Source data:
----------------
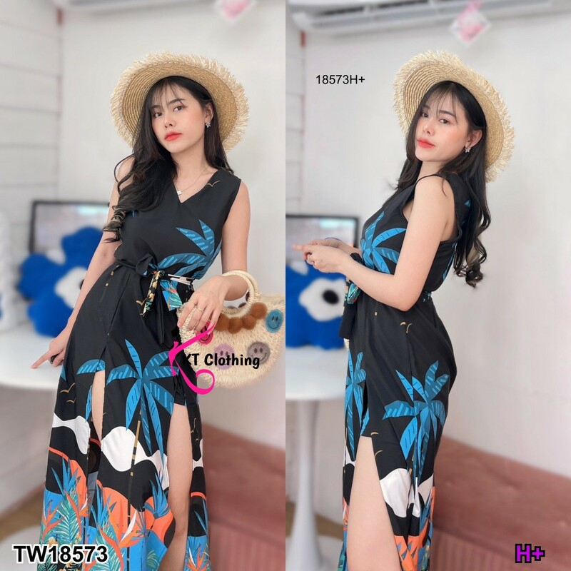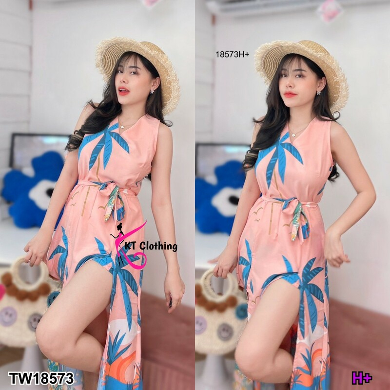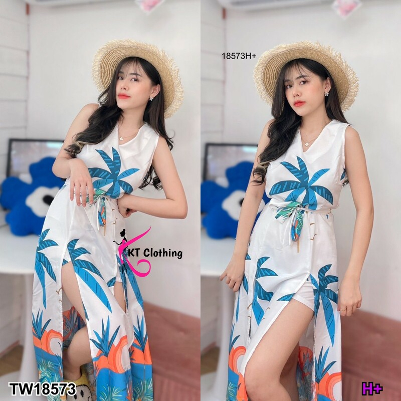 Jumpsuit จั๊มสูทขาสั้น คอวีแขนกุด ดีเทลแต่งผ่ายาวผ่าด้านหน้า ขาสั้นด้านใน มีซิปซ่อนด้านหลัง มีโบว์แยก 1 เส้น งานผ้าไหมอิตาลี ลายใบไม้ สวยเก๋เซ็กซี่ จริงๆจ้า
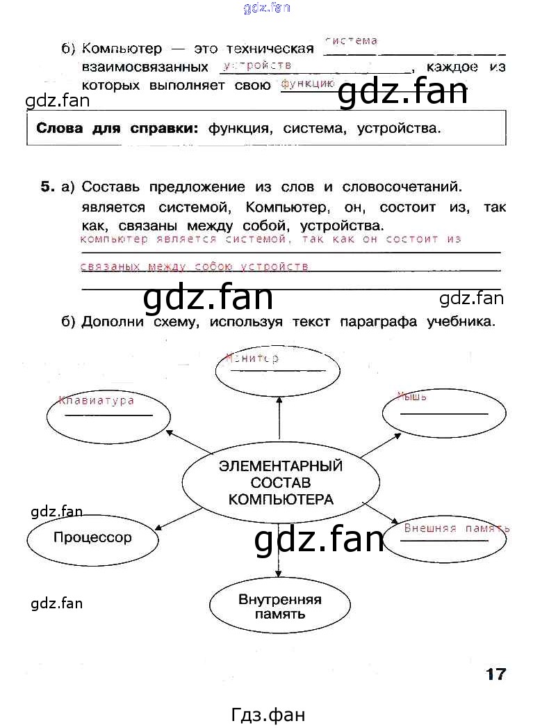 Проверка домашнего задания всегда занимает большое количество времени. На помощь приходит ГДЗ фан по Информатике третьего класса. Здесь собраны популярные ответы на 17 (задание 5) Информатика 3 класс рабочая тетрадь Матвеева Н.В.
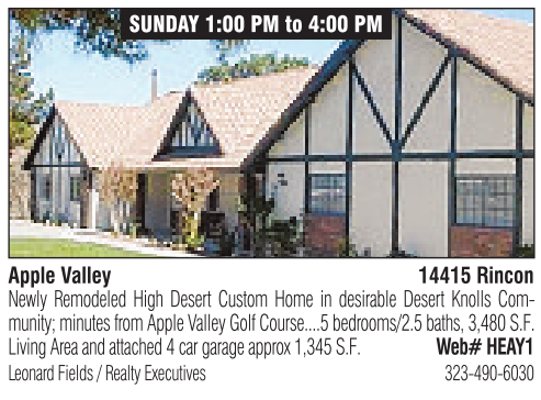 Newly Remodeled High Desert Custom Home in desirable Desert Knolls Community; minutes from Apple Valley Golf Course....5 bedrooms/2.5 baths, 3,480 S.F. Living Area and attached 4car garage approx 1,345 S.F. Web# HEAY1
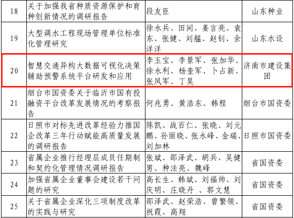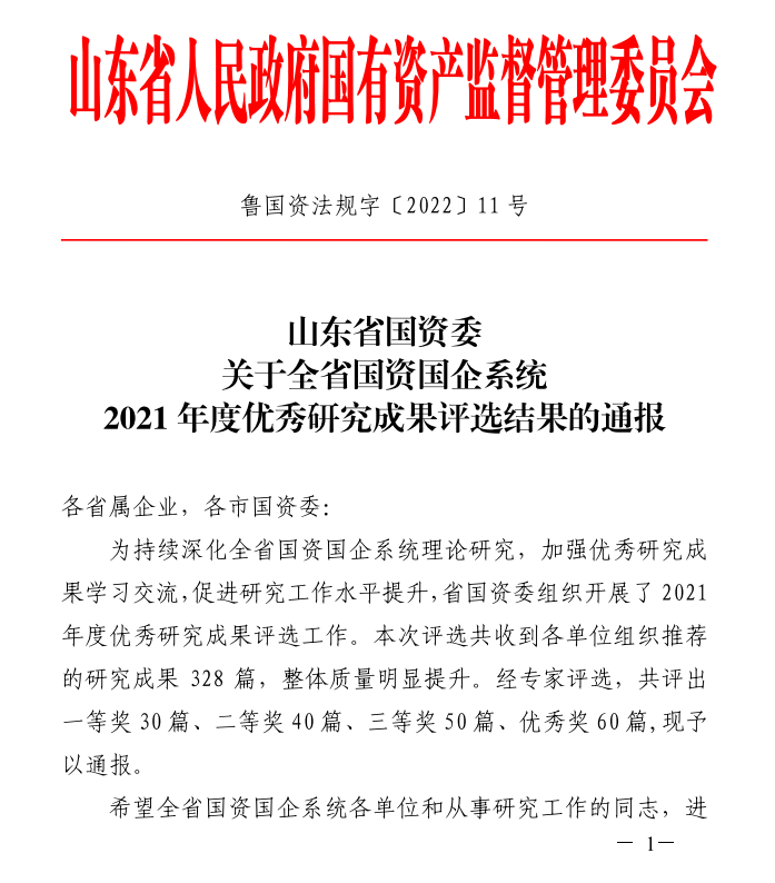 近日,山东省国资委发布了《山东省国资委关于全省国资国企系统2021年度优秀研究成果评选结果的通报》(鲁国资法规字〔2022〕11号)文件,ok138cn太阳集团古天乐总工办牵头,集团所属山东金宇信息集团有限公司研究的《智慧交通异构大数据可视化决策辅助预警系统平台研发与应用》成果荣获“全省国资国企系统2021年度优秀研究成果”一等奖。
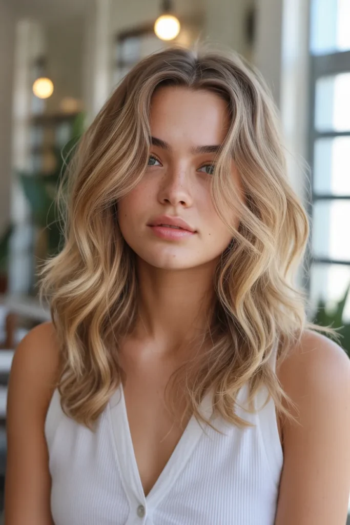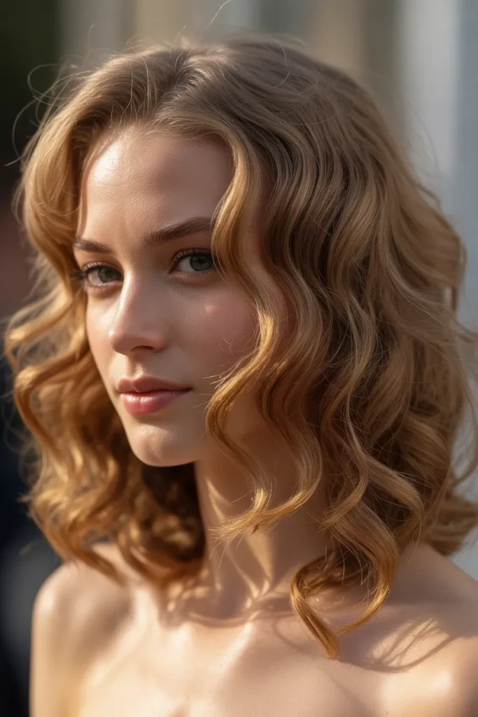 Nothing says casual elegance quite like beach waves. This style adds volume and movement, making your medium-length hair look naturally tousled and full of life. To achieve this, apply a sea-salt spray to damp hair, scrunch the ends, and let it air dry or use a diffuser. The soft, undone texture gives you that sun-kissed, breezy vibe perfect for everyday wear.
----------------
Exercise prompt: With the pictures left out, transcribe exactly the lines from the line holding "Проверка домашнего задания" through the closing line of the entries.

Solution for this exercise:
 Проверка домашнего задания всегда занимает большое количество времени. На помощь приходит ГДЗ фан по Информатике третьего класса. Здесь собраны популярные ответы на 17 (задание 5) Информатика 3 класс рабочая тетрадь Матвеева Н.В.
 Newly Remodeled High Desert Custom Home in desirable Desert Knolls Community; minutes from Apple Valley Golf Course....5 bedrooms/2.5 baths, 3,480 S.F. Living Area and attached 4car garage approx 1,345 S.F. Web# HEAY1
 近日,山东省国资委发布了《山东省国资委关于全省国资国企系统2021年度优秀研究成果评选结果的通报》(鲁国资法规字〔2022〕11号)文件,ok138cn太阳集团古天乐总工办牵头,集团所属山东金宇信息集团有限公司研究的《智慧交通异构大数据可视化决策辅助预警系统平台研发与应用》成果荣获“全省国资国企系统2021年度优秀研究成果”一等奖。
 Nothing says casual elegance quite like beach waves. This style adds volume and movement, making your medium-length hair look naturally tousled and full of life. To achieve this, apply a sea-salt spray to damp hair, scrunch the ends, and let it air dry or use a diffuser. The soft, undone texture gives you that sun-kissed, breezy vibe perfect for everyday wear.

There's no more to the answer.